# Delta-Y transformation of resistors

• franktherabbit
In summary, the Delta-Y resistor transformation work out the conductance transformation equation, but the equation they get is different than the equation they use for Y-Delta transformation. They must have used a logical move to get there.
franktherabbit

## Homework Statement

Starting from the expression of the Delta-Y resistor transformation work out the conductance transformation equation.

## Homework Equations

3. The Attempt at a Solution [/B]
I will just be using one equation as others are done analogically. My Δ has ##(R_{12},R_{23},R_{13})## and my
γ has ##(R_1,R_2,R_3)##.
The first equation of transformation goes:
##R_1=\frac{R_{12}*R_{31}}{R_{12}+R_{23}+R_{13}}##
When i use that ##R=\frac{1}{G}## i get that
##G_1=\frac{G_{12}+G_{23}+G_{31}}{G_{23}}## which is not what they get. They get the same equation you get for Y-Delta transformation except for R u write G. ow did they get to that? I used a logical move and it can't get that way. What am i missing?

franktherabbit said:
I used a logical move and it can't get that way.
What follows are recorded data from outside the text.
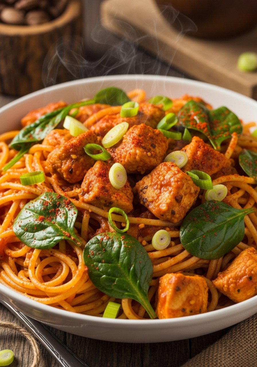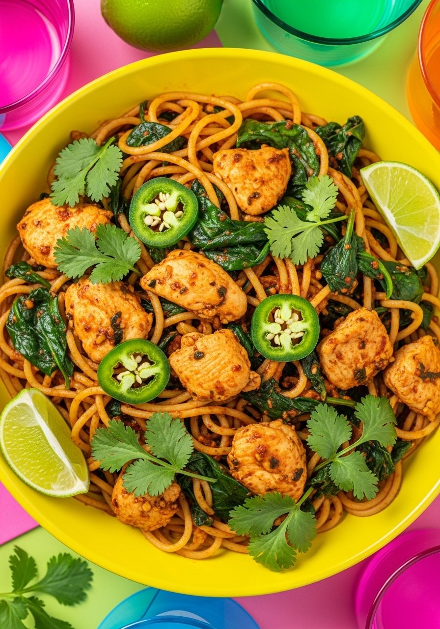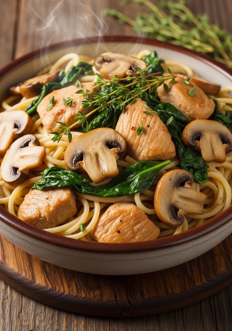 This is the cozy, tried-and-true version: creamy sauce, tender shredded chicken, and wilted spinach folded into spaghetti. It’s silky, garlic-forward, and crowd-pleasing—perfect for weeknights or potlucks. The texture is rich but balanced by the pop of green and a squeeze of lemon if you like brightness.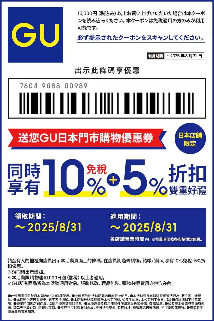 UNIQLO同集團的GU時裝店有多好逛相信也不用多說了,款色選擇多、時尚、價格實惠而且男女童裝齊備,不時推出的聯乘款更是潮流不二之選,極之受歡迎,除日本外,香港及台灣等地也有分店,同樣非常人氣!而今次跟大家分享的就是GU日本店限定優惠券,連同退稅10%可享合共15%優惠,現時日圓匯價仍然低迷,現在不瘋狂血拼還待何時呀!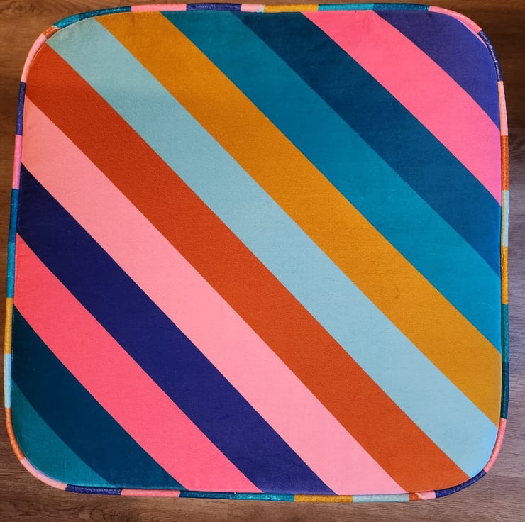 Pictured above is our Large size in ‘Harlequin Sherbet Stripe’ fabric with oak natural angled legs.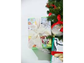 We completed our tree with print clippings of VAALA's "food for the soul" art programs and events. Since its establishment in 1991, VAALA has organized hundreds of delectable community events, including the annual Viet Film Fest, Autumn Moon Fest, Gallery Beyond Walls (Project Foto, Illuminated Recipes), art exhibitions such as F.O.B.: A Multi-Art Show, F.O.B.II: Art Speaks, TransformART, Generations: 40 Hues Between Black and White, and numerous literary events. The beautiful children's books at the base of the tree were featured in our inaugural Viet Book Fest (held recently in October) and are included with our Holiday Tree as presents, along with gift cards to popular local restaurants, so you can directly experience and savor the numerous fruits of Vietnamese culture.

What am i missing?
Must be an algebra issue somewhere... but we can't tell you what's missing since it's almost all missing --- we can't check what we can't see

Can you show your work in detail?

Sure, :).
##R_1=\frac{R_{12}*R_{31}}{R_{12}+R_{23}+R_{31}}##
##G_1=\frac{1/G_{12}+1/G_{23}+1/G_{31}}{1/G_{12}*1/G_{31}}##
##G_1=\frac{(G_{12}+G_{23}+G_{31})/(G_{12}*G_{23}*G_{31})}{1/(G_{12}*G_{31})}##
##G_1=\frac{G_{12}+G_{23}+G_{31}}{G_{23}}##
See it? :)

I don't see how you went from your second line to your third. You haven't involved he denominator yet, so everything must be happening in the numerator. There you should end up with a sum of products divided by a product since all the terms are different.

franktherabbit
gneill said:
Must be an algebra issue somewhere... but we can't tell you what's missing since it's almost all missing --- we can't check what we can't see

Can you show your work in detail?

gneill said:
I don't see how you went from your second line to your third. You haven't involved he denominator yet, so everything must be happening in the numerator. There you should end up with a sum of products divided by a product since all the terms are different.
Ohhh, i see now, i had this all wrong. Turns out algebra is the killer here. Thanks man! :D

gneill

## What is a Delta-Y transformation of resistors?

A Delta-Y transformation, also known as a Pi-T transformation, is a method used to simplify a circuit with three resistors in a triangle configuration into a circuit with three resistors in a Y configuration. This can help make the circuit easier to analyze and calculate.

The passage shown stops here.